The Last “Rind-Up?”

 0709_ablo_BCJTCR010

The Texas Cowboy Reunion is one of the few events I visit each year. It’s always felt to me to be the closest to my imagined version of Texas when I was growing up in Southern California. But returning each year is a challenge when looking for something new to say. When that happens, I fall back to simply providing a sense of place for my reader. The photographs may differ from the text but even if they do, as a whole the package paints a larger image of the rodeo in the reader’s mind.

This was published July 9, 2014.

 

STAMFORD, Texas – I saw my first flaming watermelon at the Texas Cowboy Reunion last week. I’m wondering if I’ll ever see a second.

Midway through Thursday night’s rodeo, Cameron Keeton killed a little time between events with a short skit. Because, you know, that’s what rodeo clowns do.

Up to this point I’d been amusing myself shooting pictures of the roughstock events with my cameras and a slow-motion video app on my smartphone. You can see the video at reporternews.com.

Yes, I know. Some people call them rodeo clowns and some people call them bull fighters. The ones I’ve met didn’t mind what you called them, just so long as you didn’t call them late to supper.

Anyhow, the details of the shtick are a little fuzzy to me a few days later. I recall there was a large steel pipe with four legs, its open end pointed skyward. I also recall one of the bull fighters, comically dressed in drag, carried the aforementioned watermelon into the arena.

It was when Keeton balanced the large fruit on its end atop the open end of the pipe that I realized, possibly, that I may have been standing a little too close.
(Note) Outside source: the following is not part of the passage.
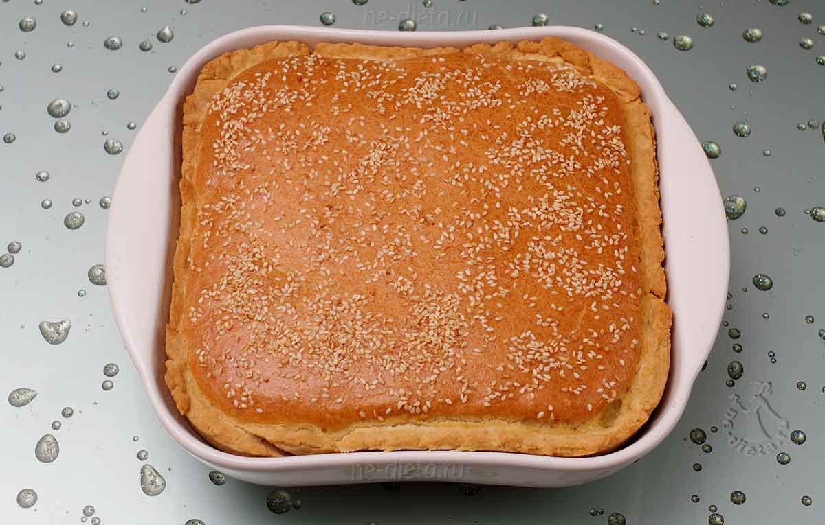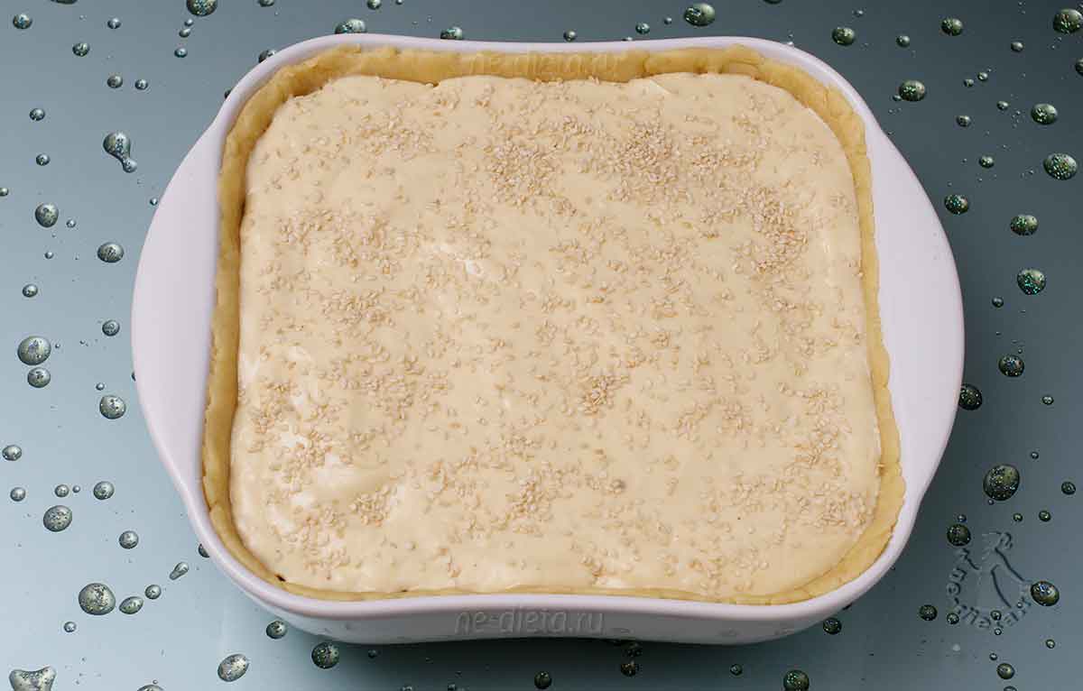 14. Начинку полностью закрыть заливным тестом, поверхность которого разровнять и присыпать кунжутом.

I’ve watched R. Lee Ermey blow the rind out of enough watermelons on “Mail Call” to guesstimate the possible blast radius of an 8-pound Royal Sweet.
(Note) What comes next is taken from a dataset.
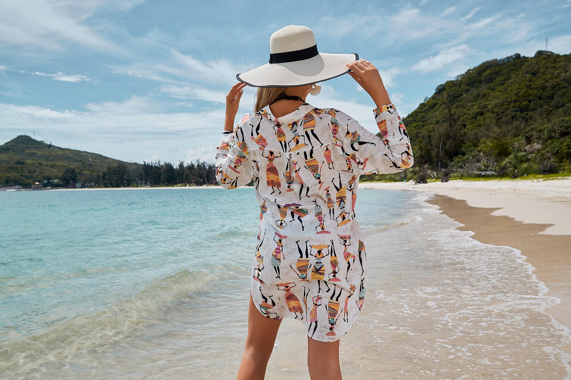 Falda de playa de algodón estampada nueva europea y americana, bata suelta, bikini para vacaciones en la playa, traje de baño, camisa de protección solar para mujer

Yes, I realize Thursday was “Not Too Tough to Wear Pink” night. I’m all about giving breast cancer the boot. But I’d rather have my shirt dyed pink before I put it on, not while I’m wearing it. I backed up a few feet and put a couple of other fellows between me and the melon.
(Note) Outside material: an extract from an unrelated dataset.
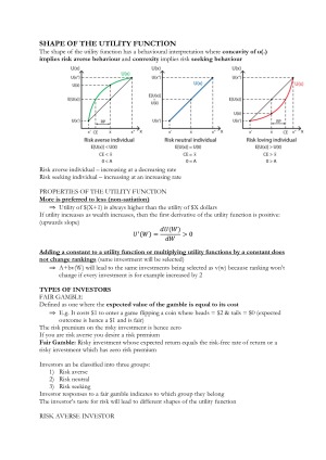 Comprehensive notes including lecture slides and tutorial notes. Includes diagrams and worked examples. Contents include expected utility, prospect theory, heuristics & biases, kellybetting, overconfidence, the cross section of expected returns, disposition effect & attention & the media.

When the blast finally came, I think it was a little louder than what everyone expected. The melon pretty much vaporized before my eyes, I didn’t see a trace of rind or anything else. If it wasn’t seedless, it was now.

Failing to find any sign of the fruit, my eyes slowly lifted. Others followed, and we observed the top of the fruit doing it’s best impression of Apollo 13 into the night sky.

Yes, I had my camera. No, I have no photograph of this. Some things you just can’t take a picture of. Dumbfounded, I found myself staring along with everyone else, watching this flaming chunk as it gained altitude.

Briefly I debated in my mind whether I was seeing the top of the watermelon on fire, or the flaming tail end of a rocket that might have been inside the steel pipe. I imagined the missile’s nose, poking out a skirt of green rind, trying its hardest to reach the stars. Then my ADD kicked in and I wondered what flaming watermelon tasted like.

Meteor Melon didn’t get too far, unfortunately. It rose past the judges and arched over the metal roof covering the arena’s alley and pens, flaming out as it went. Where it landed, I know not.

But I’ll bet one of those bulls back there learned what cooked watermelon tastes like.